[alert variation=”alert-info”]Publisher: Amazon Digital Services LLC
Formats: Kindle
Purchase: Amazon[/alert]

The book Love For Rent, written by M2, is the story of a stripper who falls in love with one of her many clients. Molly has been working at the Kit Kat Club for a few years, giving up her life as a young stockbroker to make much easier cash as a dancer. Little did Molly expect to meet Jonathan Siefert, a married Ivy League professor from the east coast. Before they know it, the two have fallen fast in love, but with Jonathan’s unhappy marriage and the distance, the two are not sure if it will work. Will love find a way, or will jealousy seep into every crack in their relationship?

It’s difficult to admit, but Love For Rent is actually an oddly indulgent read. Based off of a (supposed) true story, the author gives plenty of insight into the life of a stripper and what happens behind the scenes in an average club. While some embellishments may have been put into place here or there, most of the provided information seems reliable, consisting of actual facts. There are plenty of mentions of sex in the book, unsurprisingly, but all acts presented are tamely written (the lap dances, however, are written with a bit more depth).

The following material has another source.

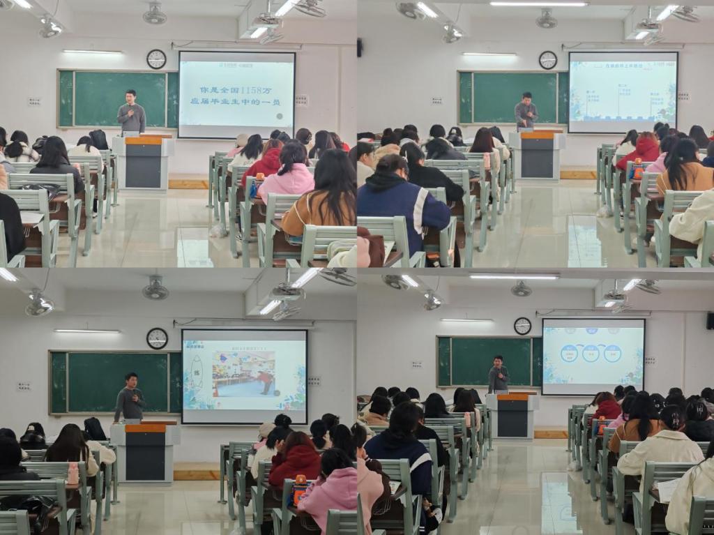 就业宣讲中,中公教育的老师向同学们介绍公司的发展和人员招聘情况,希望有志于教育培训的毕业生积极向他们投递简历。宣讲老师还向同学们介绍了获取就业信息的一般途径。在如今竞争日益激烈的就业市场上,掌握有效的就业信息获取渠道能大幅降低就业的难度,让同学们赢在起跑线上。接着又讲述了考公考编的方法与方向,还增加了问答互动环节,使同学们对考公考编有了更深刻的认识,对自己的未来有了更明确的规划。
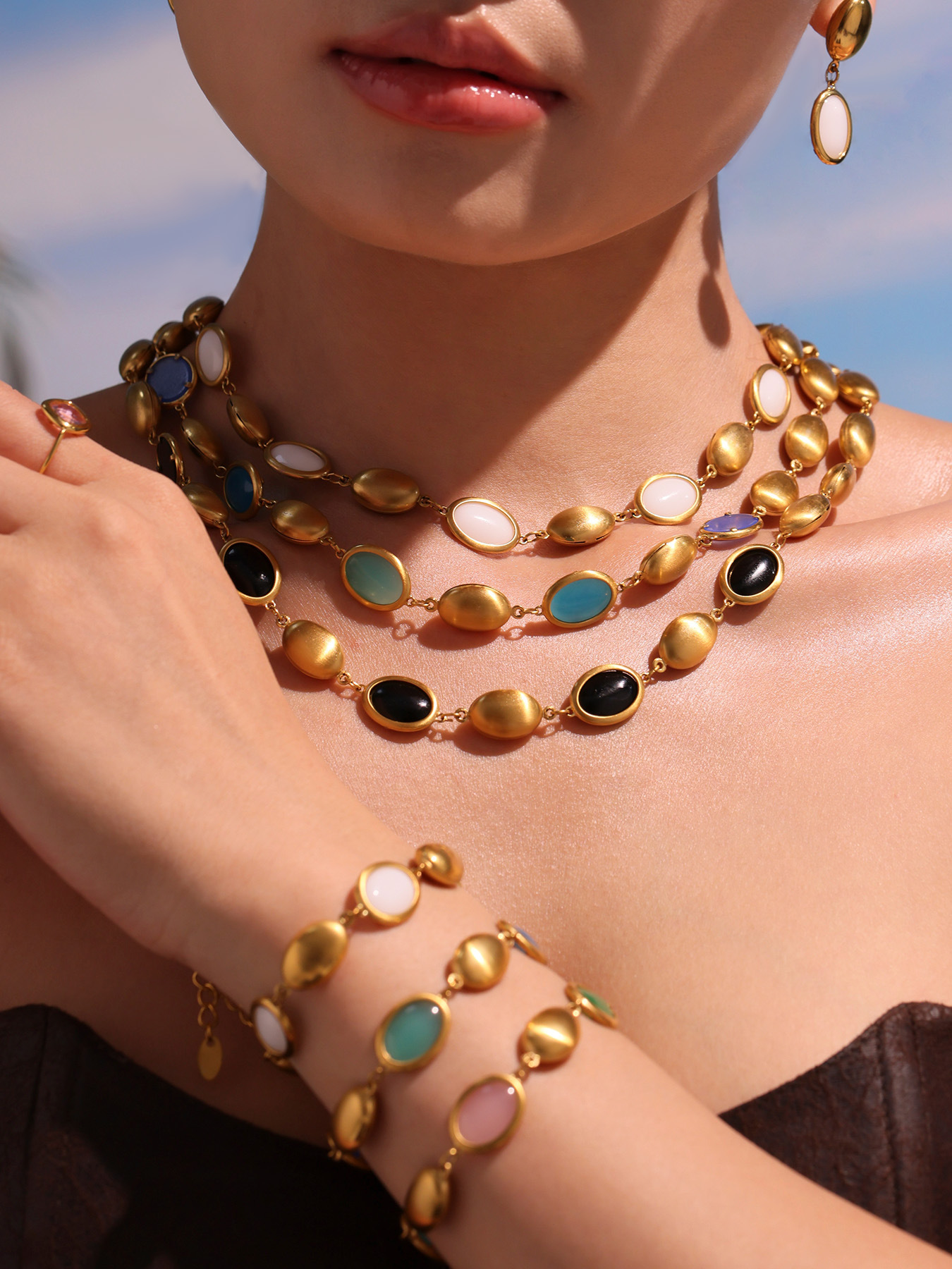 1:Txp269-golden black opal necklace 41+5cm2:Txp269-golden white opal necklace 41+5cm3:Txp269-golden green opal necklace 41+5cm4:Txp269-golden blue opal necklace 41+5cm5:Txp269-gold pink opal necklace 41+5cm6:Txp269-gold mixed opal necklace 41+5cm7:Txe269-gold black opal bracelet 17+5cm8:Txe269-golden white opal bracelet 17+5cm9:Txe269-golden green opal bracelet 17+5cm10:Txe269-golden blue opal bracelet 17+5cm11:Txe269-gold pink opal bracelet 17+5cm12:Txe269-gold mixed opal bracelet 17+5cm13:Txf269-gold black opal earrings14:Txf269-golden white opal earrings15:Txf269-gold green opal earrings16:Txf269-gold blue opal earrings17:Txf269-gold pink opal earrings

What’s more, Love For Rent presents two intelligent protagonists – the philosophy professor always pontificating and Molly who’s incredibly knowledgeable when it comes to the stock market and astrology. These traits of each character are quite enjoyable and give the book pleasant quirks. The story also manages to read rather quickly; there’s not too much depth in the novel’s substance, but it is easy to gobble up in the course of a few sittings

While indulgent to take in, Love For Rent also makes for a frustrating read. The biggest problem in this book is not the fact that it portrays the life of a stripper. On the contrary, it’s nice to see well-rounded, humanized characters who do this profession for a living. It’s how the two main characters, Jonathan and Molly, act towards each other throughout the novel. Their mood swings are, for lack of a better word, insane; they are the portrait of an unhealthy relationship. Jealousy in a character is one thing – after all, it’s only human for anyone to feel jealous at times – but these two shift between jealousy to apologizing, blissful to miserable so often that the reader will begin to question why the two even stay together in the first place. After one of the several times they break up, Molly calls Jonathan literally dozens of times in a row to leave varying messages, then acts like doing so was entirely normal. Molly withholds sex, love, and kindness when she finds out information about the girls Jonathan was with before he even met Molly, as if he wasn’t allowed to love anyone else in his lifetime. What’s more, she becomes insanely jealous when she finds out Jonathan cheated on her, despite the fact that she had been sleeping with a few other men for money throughout their entire relationship. The characters each act so irrationally that it’s almost too much for the reader to stomach.

The text itself is also not the best written. It’s littered with typos throughout and the written words are simplistic at best. The most confusing part of the entire novel – even more confusing than why the two central characters tolerate one another – is the ending. Without giving away too much, the story leaves Jonathan and Molly’s relationship in a fuzzy, gray area and flashbacks to Molly’s past. The author then examines Molly’s choices that led her to where she is in present day and then, without any warning, the book ends. No resolution is given. The audience is left wondering if the two made a clean break, bettering Molly as a whole, or if the two are destined to be stuck in this vicious cycle of a horrid relationship. There is no closure to be found at the novel’s end.

While flawed in many ways, Love For Rent is still an oddly enjoyable read. Perhaps it is not every reader’s cup of tea, but is certainly an adventure to experience.